Shepard stopped for a moment, narrowed her eyes to the forest before her, and slapped Garrus on the chest with the back of her hand. "Is that smoke?"

Garrus looked at her, confused, then gazed off into the distance. He fiddled with the controls on his eyepiece, squinting until she saw he had zoomed it to a satisfactory distance. "...Yeah, that's smoke. Lots of it."

"That's our 'beacon', then," Shepard said, and whatever optimism she'd had coming in seemed to drain from her, into the sand, soaking into it beneath her feet. "Come on, let's move."

They walked, formation a tight triangle with Shepard at the fore, but they encountered no enemies, no survivors, no corpses--no people. The heat was dry and nearly unbearable, and Shepard's suit was doing little to help; Garrus didn't look fazed, and she would hazard to say Thane actually seemed a touch livelier than normal, eyes wide and alert. She'd had to stop them a few times to take a drink of water, before they approached the veil on the outside of the forest.

Even from a range where Shepard couldn't see what was happening, her guts clenched and told her to run away; the smell of sizzling, burnt meat and fuel cut a swath through the gentle scents of plants and nearby seawater. The forest was beautiful and calm, painted in vibrant greens and dappled with brilliant sunlight, but this was a violent smell, one that ran through it like a vein of ugly, alien metal in otherwise gorgeous stone.

They smelled it, too. Garrus shook his head and muttered a cuss. Thane was casing the place, looking around to distract himself.
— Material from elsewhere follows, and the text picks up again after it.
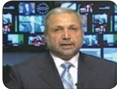
د. وه لید حلی سه رکرده ی لیستی ده ولته تى یاسا بو گولان.

هه له ی گه وره ی کردووه، به لام ته نانه ت شه گهر مالیکیش سه رهوک وه زیران بیته، شهوه دهسته بهرکردنى شه مافه ده بیته زه مانه تیک بو کورد و سونه کان. ئیمه ده زانین ریزیه کی زوری شه داواکاریانه قبو لکران که لیستی کوردستانی خسته یانه ته پروو، بو نمونه مالیکى نزیکه ی هه موو شه داواکاریانه ی قبو لکردووه، شه مه له کاتیکدا مامه له کردن له گه له عهللاویدا تا راده یه که سه ختته، شه ویش له بهر بوونى لیستی شه له ده دیا و که سانى وه که نوجه یفى له پیکهاته که ی عهللاویدا، شه کس و لیستانه شه به ره له سته داواکاریه کانى کورد ده کن. له راستیدا ده بیته کورده کان شه راستیه بزانه که ناتوان هه موو داواکاریه کانیه به ئینه دی. شه گهرچی رهنگه بتوانن زۆرینه ی شه داواکاریانه به ده سه ت به ئین. له مووه راسته مالیکى نزیکه ی به هه موو داواکارییه کانى کورد رازى بووه، به لام کیشه که شه و ديه مالیکى راهاتووه له سهر شکاندنى به لاینه کانى، شه به لاینى زور دهدات به لام هه موویان جینه جى ناکات. رهنگه پئوهندى ئیوه له گه له عه بدوله مه هیدا باشتر بیته، راسته عه بدوله مه هدی ده توانیته به لاینى به ده یه ئانه ی داواکاریه کی که متر به کورده کان بدات، به لام مه سه له که شه و ديه شه ههر کاتیک خوی پابه ند کرد به به لاینه که شه، شهوا شه گهرى زیاتره جینه جیانه بکات، له کاتیکدا رهنگه مالیکى بتوانیته به لاینى زیاتر بدات، به لام کیشه که شه و ديه ئیوه ناتوان پشت به به لاینه کانى به سه تن. نایته شه وه تان له بیرجیت که ده بیته

Haltingly, Shepard reached out and parted the canopy of draping of velveteen vines that dangled before them and obscured the rest of the landscape. She was met by a blast of refracted light so bright that Garrus grunted and she heard Thane utter a sudden sound of pain and stumble back a step. She looked up, looked way up, and felt both her heart and her stomach sink.

Smoke rose in giant plume from the frigate, a towering, creaking monstrosity of smashed metal plating and glass that leaned against a cluster of fallen trees like a drunkard, trying to keep its balance against something equally as unstable. The vessel had carved an unnatural thicket hundreds of feet wide, cleared of foliage and littered with broken, fallen pieces of debris. It sat in a deep trench that had been plowed into the soft earth starting some miles away, she assumed, partially from the girth of the scar it had left in its wake, lined by a shaggy canopy of crushed trees. Half of its hind end was missing, the burnt edges and screen-door gridwork of stripped hull plating glinting in the sun. The smoke was most likely rising from a crater, somewhere far, far away. This wasn't even close to being Ground Zero.

"Are you seeing what I'm seeing?" Garrus asked, disbelief in his voice.

"A hull breach. It was shot down." Thane responded.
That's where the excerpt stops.